Our two baselines are based on DPR, FiD and DIALKI models.
Our code is tested on cuda 11.6 and A40 GPUs. Each model has their own python environment, with details in the following sections.
Run bash setup.sh
to create all data / model / results folders for later uses.
To set up the environment, run
conda env create -f environment_dpr_fid.yml
conda activate dpr_fid
cd models/DPR
First, download BM25 (we used Pyserini) results, used as hard negatives for DPR training:
python ../../download_resources.py --output_dir=./retrieval_outputs/results --resource_name=bm25_results
To prepare training and inference input data:
python create_corpus_tsv.py
python prepare_data.py
Our model is initialized with pretraining on TopioCQA, which is >30x larger than our training data. Download the pretrained checkpoint from the original TopioCQA repo:
python ../../download_resources.py --output_dir=./retrieval_outputs/models/pretrain --resource_name=pretrained_dpr
Then, simply run the following to start training:
bash train.sh
To do inference, run
bash encode_passages.sh # this can take > 20 hours to finish
bash infer.sh # we do infernece for both train and dev sets, required for training reader models
To check retrieval performance, run python evaluate_retrieval.py
.
Our own finetuned DPR model checkpoint can be downloaded by running the following line. However, note that if you don't want your own trained model to be overwritten, change the --output_dir
argument accordingly.
python ../../download_resources.py --output_dir=./retrieval_outputs/models/inscit --resource_name=dpr
If you change the --output_dir
value above, you also need change the --model_file
in both encode_passages.sh
and infer.sh
for inference with our provided DPR checkpoint.
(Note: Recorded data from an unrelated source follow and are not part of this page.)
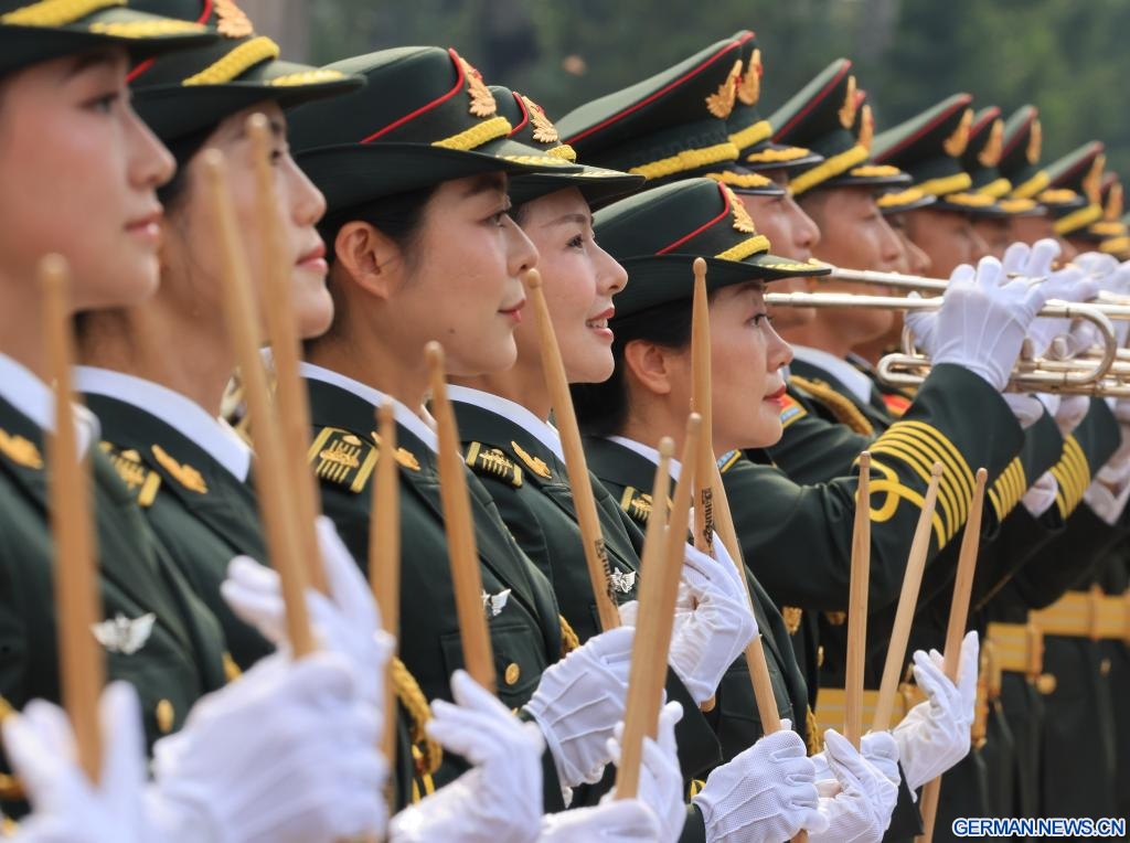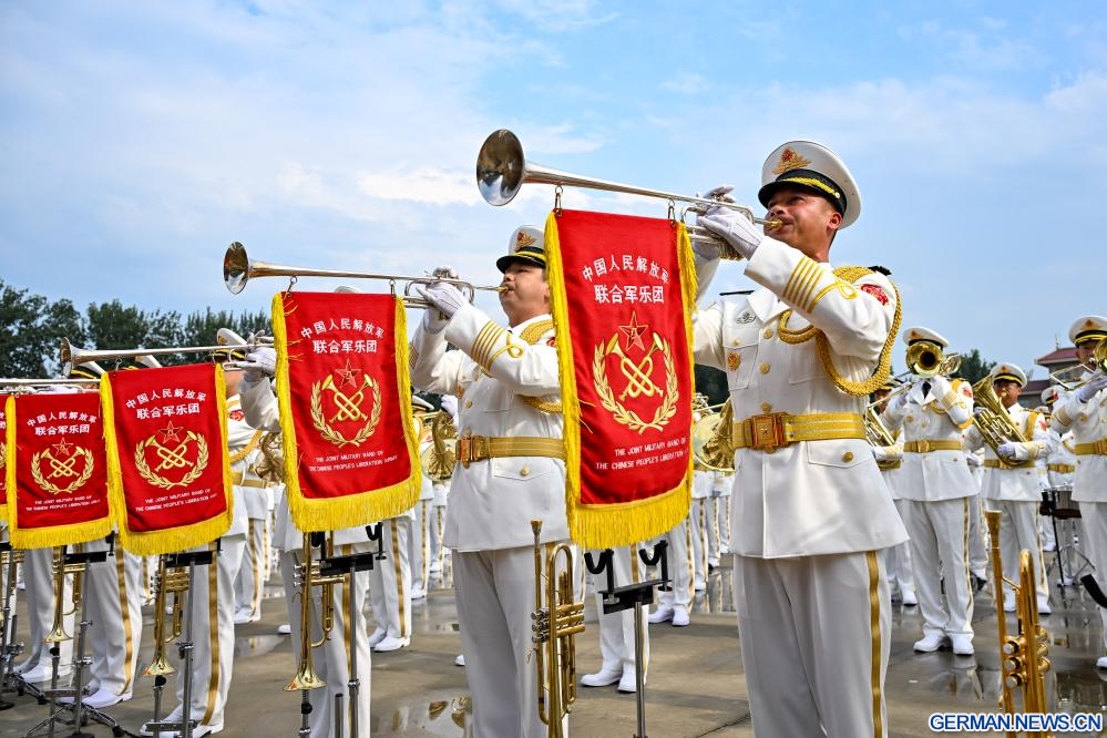 BEIJING, 20. August 2025 (Xinhuanet) -- Mitglieder der gemeinsamen Militärkapelle der chinesischen Volksbefreiungsarmee nehmen an einem Training für die bevorstehende Militärparade zum Tag des Sieges in Chinas Hauptstadt Beijing teil, 12. August 2025. (Quelle: Xinhua/Zhang Cheng)
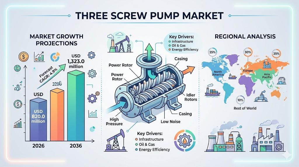 The Three Screw Pump Market is projected to grow from USD 820.0 million in 2026 to USD 1,323.0 million by 2036, expanding at a CAGR of 4.9%, according to recent market analysis. Growth remains steady and reliability-driven, supported by continuous demand from energy, marine, power generation, and heavy industrial sectors where operational stability is mission-critical.
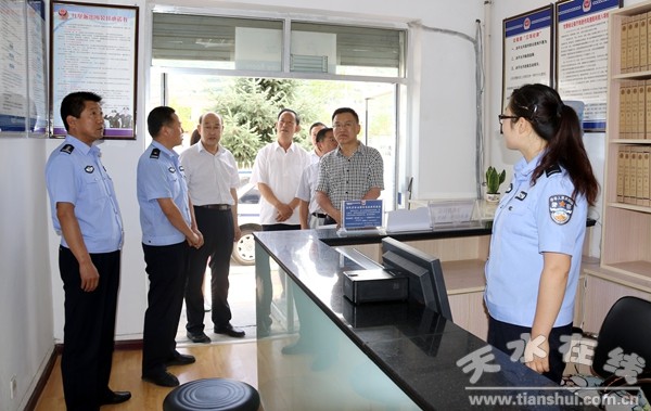 7月14日下午,甘肅省維穩(wěn)辦副主任唐志峰一行深入清水縣調(diào)研督查維穩(wěn)工作。市委政法委副書(shū)記、維穩(wěn)辦主任王德,清水縣委常委、政法委書(shū)記王馬代一同調(diào)研督查。
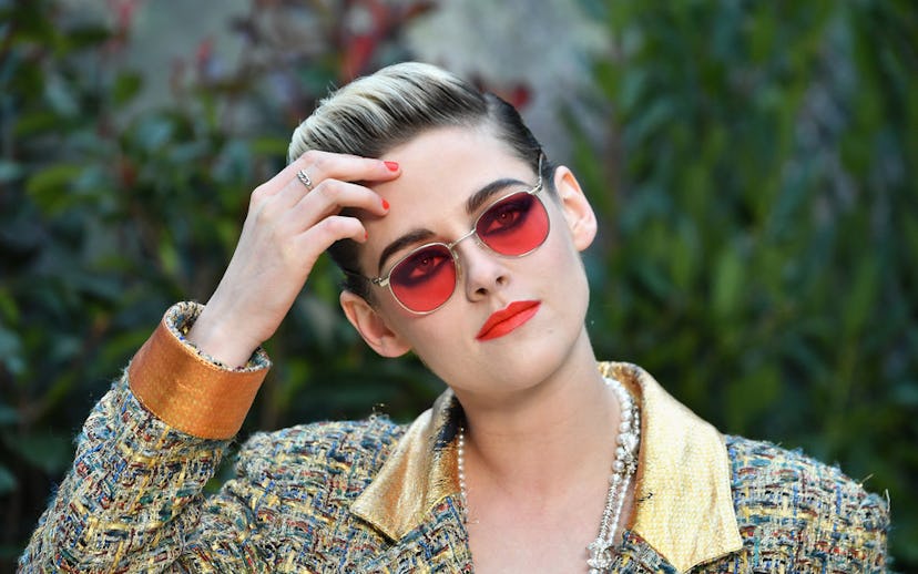 And, wow, that jacket—the whole outfit, really—is incredible. Taken from Chanel's Pre-Fall 2019 collection, it consisted of ombré leather pants, the aforementioned tweed blazer with no shirt underneath, and Doc Martens. Stewart accessorized with red-tinted sunglasses, red nails, and red nail polish, resulting in the most fiery look imaginable.

Our own retrieval output files (for both train and dev) can be downloaded by running:
python ../../download_resources.py --output_dir=./retrieval_outputs/results --resource_name=dpr_results
To set up the environment, run
conda activate dpr_fid
cd models/FiD
python prepare_data_no_dialki.py
bash train.sh no_dialki
bash infer.sh no_dialki
python prepare_eval_file_no_dialki.py # convert the FiD output file into the evaluation script (details below) input format
Our own finetuned FiD model checkpoint can be downloaded by running the following line. However, note that if you don't want your own trained model to be overwritten, change the unzip
target path accordingly.
python ../../download_resources.py --output_dir=./reader_outputs/no_dialki --resource_name=fid_no_dialki
unzip ./reader_outputs/no_dialki/checkpoint.zip -d ./reader_outputs/no_dialki
If you change the unzip
target path above, you also need change the --model_file
in infer.sh
.
This pipelined approach starts with the DIALKI model to perform passage identification. To set up the environment for DIALKI, run:
conda env create -f environment_dialki.yml
conda activate dialki
cd models/DIALKI
# Preparation
python download_hf_model.py
python preprocess_data.py
python prepare_data.py
# Training
bash train.sh
Run the following to get output results from DIALKI, that will be used for the next stage FiD model.
bash infer.sh # don't panic if you see all printed out numbers are 0.0
Our own finetuned DIALKI model checkpoint can be downloaded by running the following line. However, note that if you don't want your own trained model to be overwritten, change the --output_dir
argument accordingly.
python ../../download_resources.py --output_dir=./inscit/exp --resource_name=dialki
If you change the --output_dir
value above, you also need change checkpoint_path
in infer.sh
.
Then, you need to find the threshold
python find_threshold.py
Record the threshold and change the corresponding parameter values in the following FiD scripts. If you use our own finetuned DIALKI model to do inference, you can simply use the default value we set in the following scripts.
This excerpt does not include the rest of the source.